Households in Kiambu (17 per cent), Mombasa (24 per cent), Bomet (28 per cent), Garissa (28 per cent), and Wajir and Busia (30 per cent each) reported low incidences of shock.
First severe shock
About a third of homes in Kitui and Nairobi experienced a first severe shock related to food prices rising steeply, the highest in this category. The first severe shock has the most devastating effect to families’ economic or welfare status.
Nearly half of families in Samburu and Turkana counties were subjected to a first shock related to drought or floods, the highest proportion in relation the adversity. Two in five homes in Elgeyo Marakwet and Migori suffered a death of a family member, besides the head and a working member, as the first major shock. This was the highest ratio involving the hardship.
In most instances, shocks affected only the reporting households. End of regular assistance, aid, or remittances from outside the household (84 per cent), birth at home and family non-agricultural business failure (each 79 per cent) in many instances affected only the reporting households. The shocks that affected the whole community were ethnic or clan clashes (47 per cent), droughts or floods (44 per cent) and severe water shortage (42 per cent).
Overall, affected households tend to spend available savings in the event of a shock.

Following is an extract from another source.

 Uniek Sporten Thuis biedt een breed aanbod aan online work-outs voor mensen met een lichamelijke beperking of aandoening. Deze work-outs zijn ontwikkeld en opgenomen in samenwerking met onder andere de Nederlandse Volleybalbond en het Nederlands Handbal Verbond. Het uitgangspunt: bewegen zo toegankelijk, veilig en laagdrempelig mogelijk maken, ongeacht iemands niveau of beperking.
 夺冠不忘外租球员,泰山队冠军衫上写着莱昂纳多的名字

But the KIHBS findings also reveal that families employ different coping strategies dependent on the type of shock experienced. For instance, a majority of households that were affected by death of a family member, fire, and dwelling destroyed or damaged, or conflict received help from family and friends. Homes that lost livestock through death or theft mainly resorted to selling animals, while those that experienced a large rise in price of food reduced food consumption.
A different survey by the Kenya Financial Sector Deepening programme finds that a third of Kenyans report that they sometimes or often go without food.

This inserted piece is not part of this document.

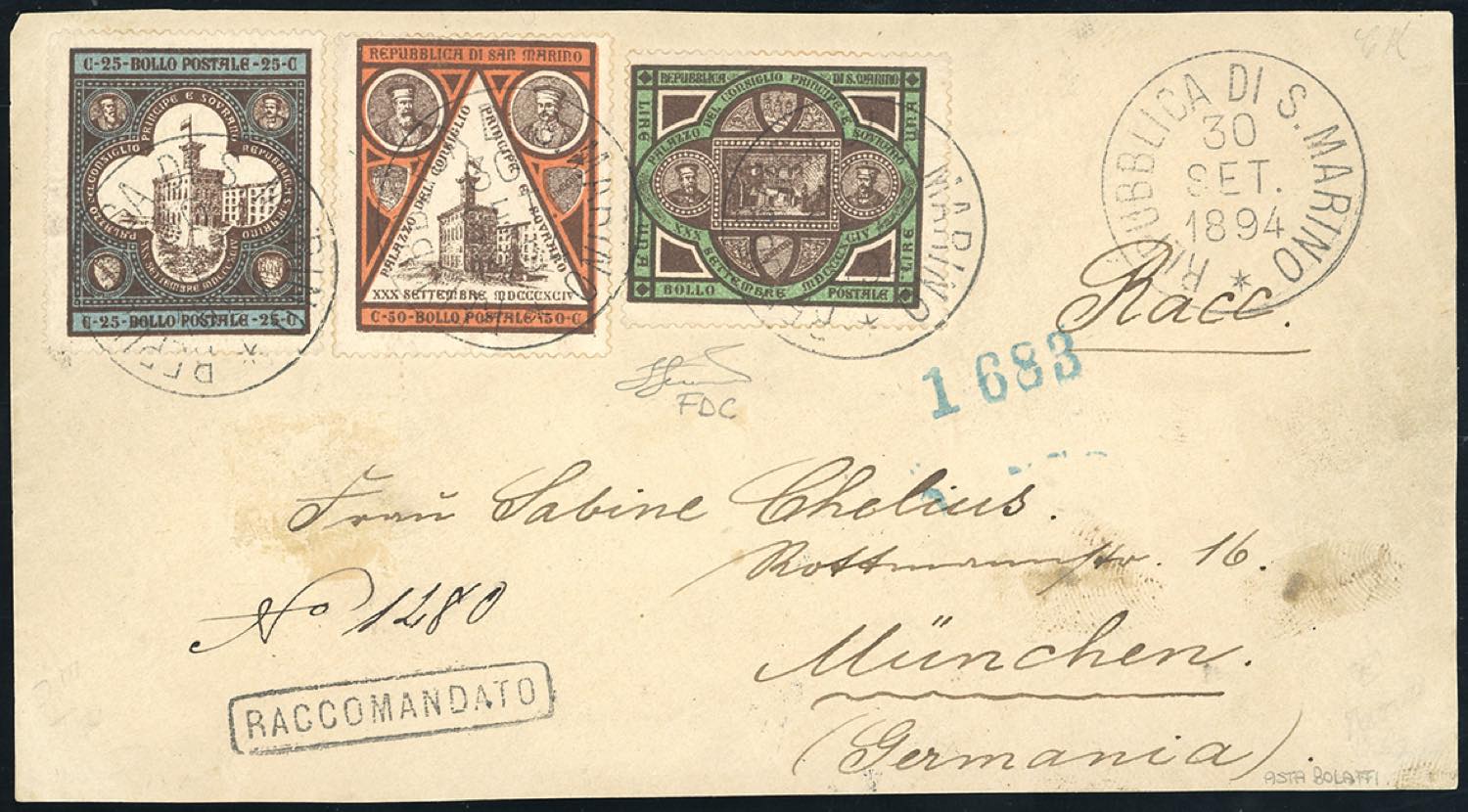 1894 - Palazzo del Governo, serie completa (23/25), perfetti, su frontespizio di raccomandata da San Marino 30 settembre 1894 a Munchen, usati nel primo giorno d'emissione. Insieme estremamente raro. Ferrario.

Mirroring the budget survey, figures from the 2016 FinAccess Household Survey indicates that over 40 per cent of households used their savings to cope with major shocks. A considerably higher number of households in urban areas sold their assets or sought help from social networks.
An earlier Newsplex analysis found that one in three shilling (39 per cent) borrowed by households is spent on basics such as food, toiletries and water.
The findings further show that some households that were affected by large fall in sale price for crops and break-up of the household (a third each), livestock were stolen (43 per cent), livestock died (48 per cent) or robbery, burglary and assault (47 per cent) did nothing to cope and regain their previous status
Families also received help from NGOs, religious institutions and government. Others sent their children to live with relatives, prayed or sought the help of a diviner.
Other coping strategies include finding a better job or additional work, cutbacks on expenses and borrowing money from chamas, Saccos and banks.